The second reason was a much more important limitation in Magnolia that still exists - it is not possible to shortcut the derivation tree. Desert has transient field and transient constructor support. For those fields and constructors which are marked as transient we don't want to, and cannot define codec instances. They can be things like open files, streams, actor references, sockets etc. Even though Magnolia only instantiates the type class instances when they are accessed, the derivation fails if there are types in the tree that does not have an instance. This issue is tracked here.

There was one more decision I did not like regarding Magnolia - the decision to have an incompatible Scala 3 version. I believe it was a big missed opportunity to seamlessly support cross-compiled type class derivation code.

ZIO Schema based derivation

All these issues lead to writing a new derivation library - as part of the ZIO Schema project. It was first released in version v0.3.0 in November of 2022.

From the previously demonstrated type class derivation techniques the closest to ZIO Schema's deriver is Magnolia. On the other hand it does supports the transient field use case, and it is fully cross-compilation compatible between Scala 2 and Scala 3.

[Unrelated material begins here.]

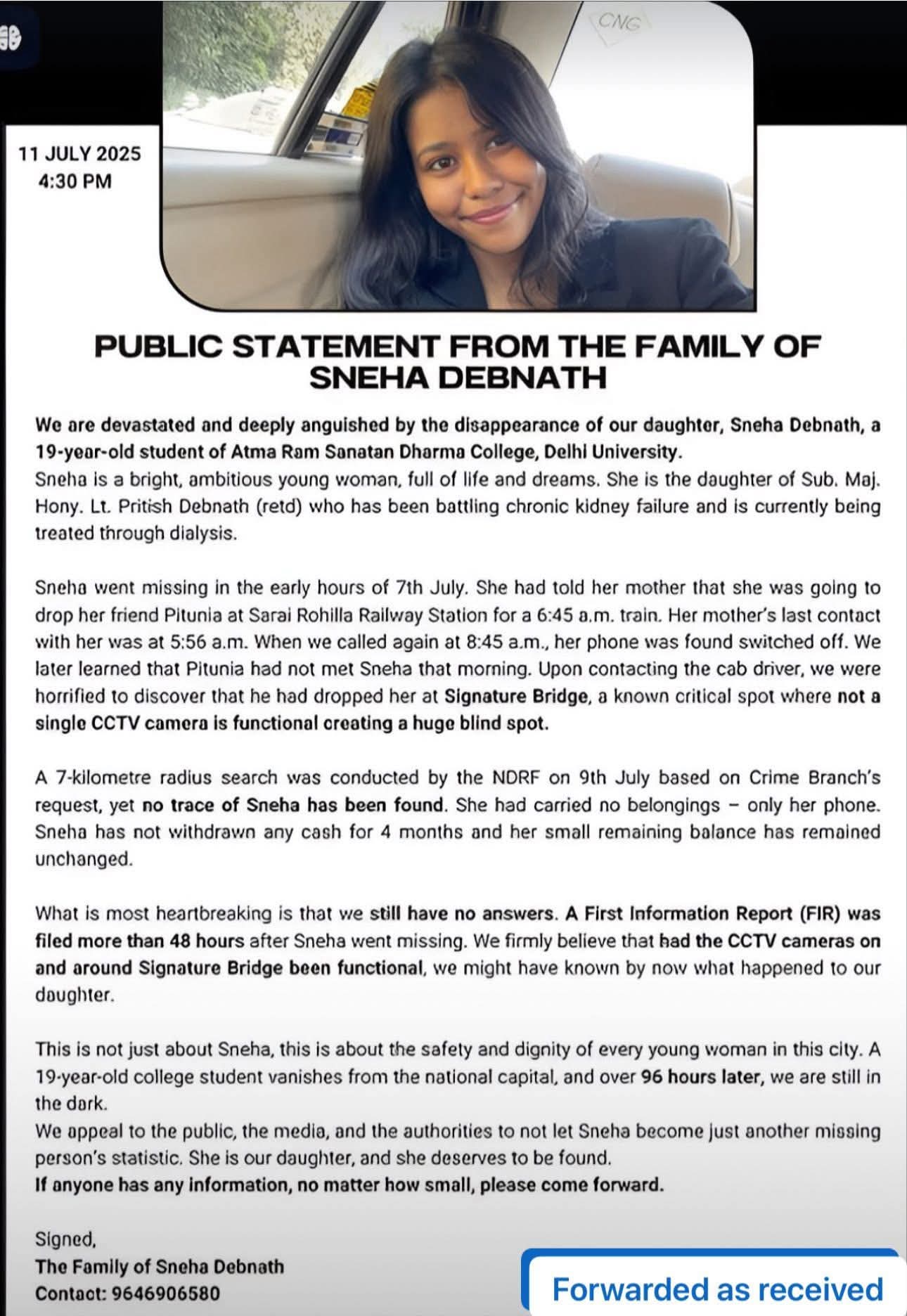 Tracing her movement through available leads, the family contacted the cab driver who confirmed that Sneha was dropped off near Delhi’s Signature Bridge—a location notoriously known for safety concerns and critically, lacking functional CCTV surveillance. This has created a significant challenge in reconstructing her movements, according to family sources.

To implement type class derivation based on ZIO Schema you need to implement a trait called Deriver:

trait Deriver[F[_]] {
  def deriveRecord[A](
    record: Schema.Record[A],
    fields: => Chunk[WrappedF[F, _]],
    summoned: => Option[F[A]]
  ): F[A]

  // more deriveXXX methods to impelment
}

This looks similar to Magnolia's join method but has some significant differences. The first thing to notice is that we get a Schema.Record value describing our case class. This is one of the cases of the core data type Schema[T] which describes Scala data types and provides a lot of features to work with them. So having a Schema[A] is a requirement to derive an F[A] with Deriver - but luckily ZIO schema has derivation support for Schema itself.

The second thing to notice is that Schema[A] itself does not know anything about type class derivation and especially about the actual F type class that is being derived, so the second parameter of deriveRecord is a collection of potentially derived instances of our derived type class for each field. WrappedF is just making this lazy so if we decide we don't need instances for (some of) the fields they won't be traversed (they still need to have a Schema though - but it can even be a Schema.fail for things not representable by ZIO Schema - it will be fine if we never touch them by unwrapping the WrappedF value).

The third parameter is also interesting as it provides full control to the developer to choose between the summoned implicit and the derivation logic. If your deriveRecord is called for a record type A and there is already an implicit F[A] that the compiler can find (for example defined in A's companion object), it will be passed in the summoned parameter to deriveRecord. The usual logic is to choose the summoned value when it is available and only derive an instance when there isn't any. By calling .autoAcceptSummoned on our Deriver class we can automatically enable this behavior - in this case deriveRecord will only be called for the cases where summoned was None.

Another method we have on Deriver is .cached which stores the generated type class instances in a concurrent hash map shared between the macro invocations.

Our ZIO Schema based Desert codec derivation is defined using these modifiers:

object DerivedBinaryCodec {
  lazy val deriver = BinaryCodecDeriver().cached.autoAcceptSummoned

  private final case class BinaryCodecDeriver() extends Deriver[BinaryCodec] {
    // ...
  }
}

As ZIO Schema is not only describing records and enums but also primitive types, tuples, and special cases like Option and Either and collection types, the deriver has to support all these.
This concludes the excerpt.